**Source material:**
┄┄┄┄┄┄┄┄┄┄
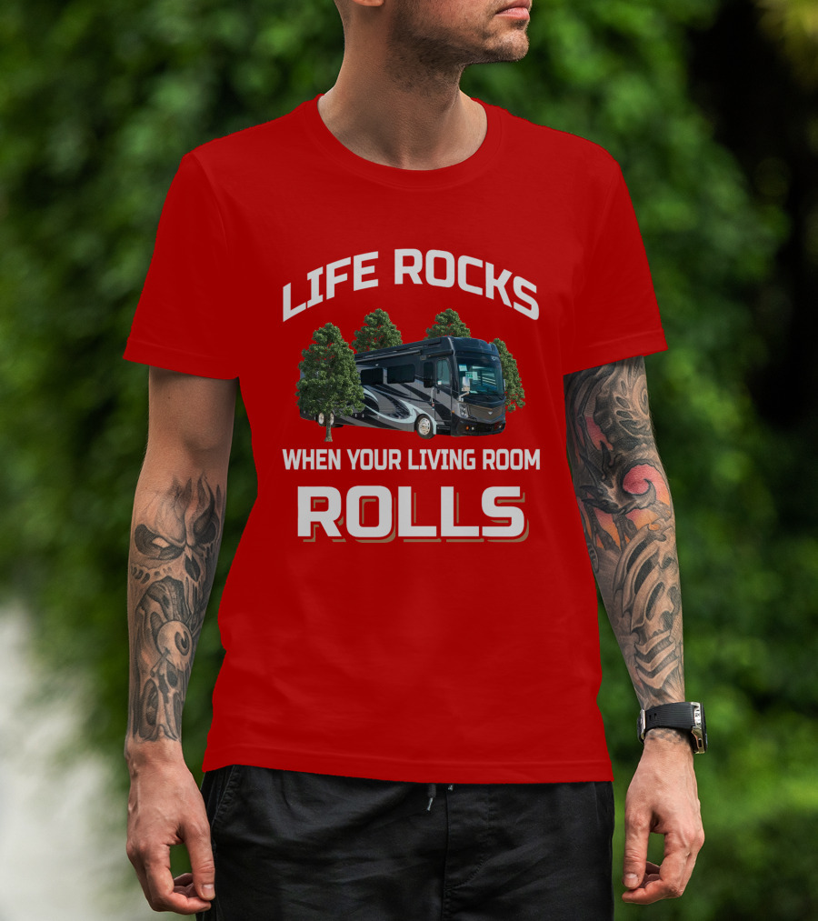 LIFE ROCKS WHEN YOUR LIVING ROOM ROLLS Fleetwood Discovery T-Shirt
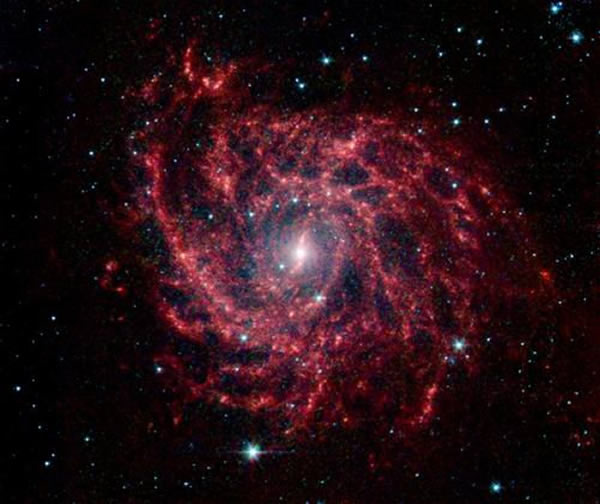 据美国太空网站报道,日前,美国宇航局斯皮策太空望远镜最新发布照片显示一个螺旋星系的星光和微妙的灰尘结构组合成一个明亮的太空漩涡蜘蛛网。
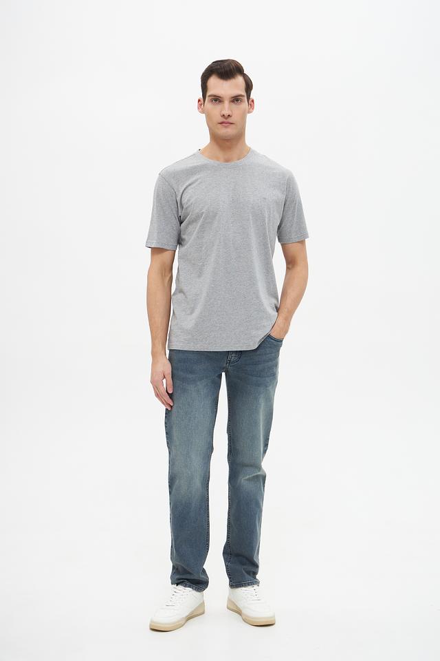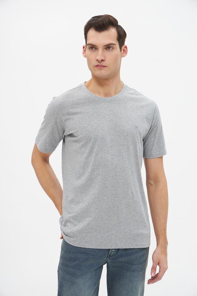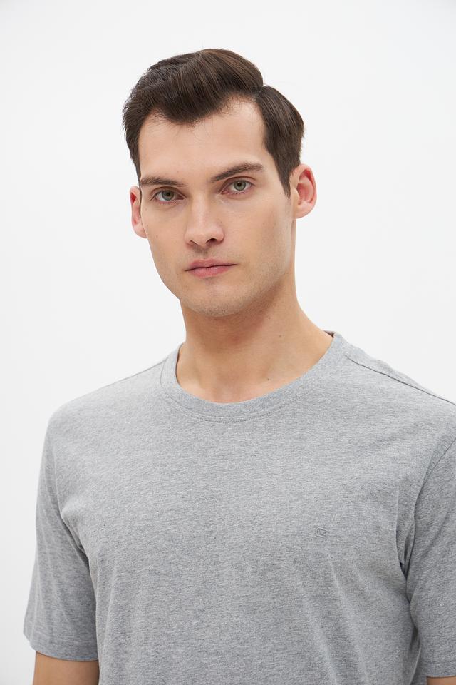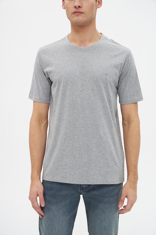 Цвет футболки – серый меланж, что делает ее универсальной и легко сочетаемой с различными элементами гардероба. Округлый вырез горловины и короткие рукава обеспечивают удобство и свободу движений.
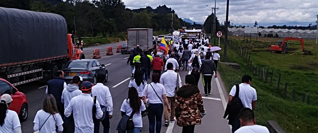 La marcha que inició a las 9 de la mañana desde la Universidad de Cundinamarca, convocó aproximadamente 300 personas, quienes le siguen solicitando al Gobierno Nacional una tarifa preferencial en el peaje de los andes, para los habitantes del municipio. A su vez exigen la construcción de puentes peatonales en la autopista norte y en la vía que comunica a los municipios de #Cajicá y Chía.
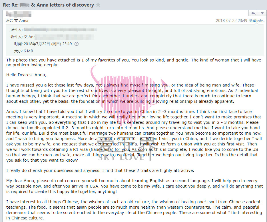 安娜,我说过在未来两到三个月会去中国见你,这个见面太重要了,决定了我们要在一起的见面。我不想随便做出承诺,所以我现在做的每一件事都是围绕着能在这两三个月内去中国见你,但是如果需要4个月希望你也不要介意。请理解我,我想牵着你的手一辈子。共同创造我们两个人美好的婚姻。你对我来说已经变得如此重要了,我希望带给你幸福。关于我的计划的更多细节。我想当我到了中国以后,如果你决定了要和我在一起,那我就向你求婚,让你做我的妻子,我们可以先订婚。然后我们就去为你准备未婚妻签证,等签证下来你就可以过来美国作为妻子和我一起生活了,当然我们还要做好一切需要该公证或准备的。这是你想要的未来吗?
┄┄┄┄┄┄┄┄┄┄
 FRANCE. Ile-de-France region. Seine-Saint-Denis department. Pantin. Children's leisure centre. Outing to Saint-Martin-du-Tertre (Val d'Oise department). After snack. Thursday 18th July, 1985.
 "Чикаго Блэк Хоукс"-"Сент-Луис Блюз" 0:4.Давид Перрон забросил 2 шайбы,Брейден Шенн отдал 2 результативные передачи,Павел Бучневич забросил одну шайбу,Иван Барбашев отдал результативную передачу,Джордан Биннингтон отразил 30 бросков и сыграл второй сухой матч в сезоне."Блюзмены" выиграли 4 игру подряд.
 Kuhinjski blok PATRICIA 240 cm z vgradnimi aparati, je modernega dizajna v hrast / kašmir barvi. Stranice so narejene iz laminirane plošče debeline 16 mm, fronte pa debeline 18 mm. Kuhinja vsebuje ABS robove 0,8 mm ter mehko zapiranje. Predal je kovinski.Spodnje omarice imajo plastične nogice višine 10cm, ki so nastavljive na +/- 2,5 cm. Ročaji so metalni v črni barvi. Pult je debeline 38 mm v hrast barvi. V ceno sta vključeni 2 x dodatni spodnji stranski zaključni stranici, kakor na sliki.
┄┄┄┄┄┄┄┄┄┄
**Directions for this task:** Taking the entries above, extract every line from the one bearing "LIFE ROCKS WHEN" through the one bearing "据美国太空网站报道,日前,美", exactly, with no pictures.

**The answer:**
 LIFE ROCKS WHEN YOUR LIVING ROOM ROLLS Fleetwood Discovery T-Shirt
 据美国太空网站报道,日前,美国宇航局斯皮策太空望远镜最新发布照片显示一个螺旋星系的星光和微妙的灰尘结构组合成一个明亮的太空漩涡蜘蛛网。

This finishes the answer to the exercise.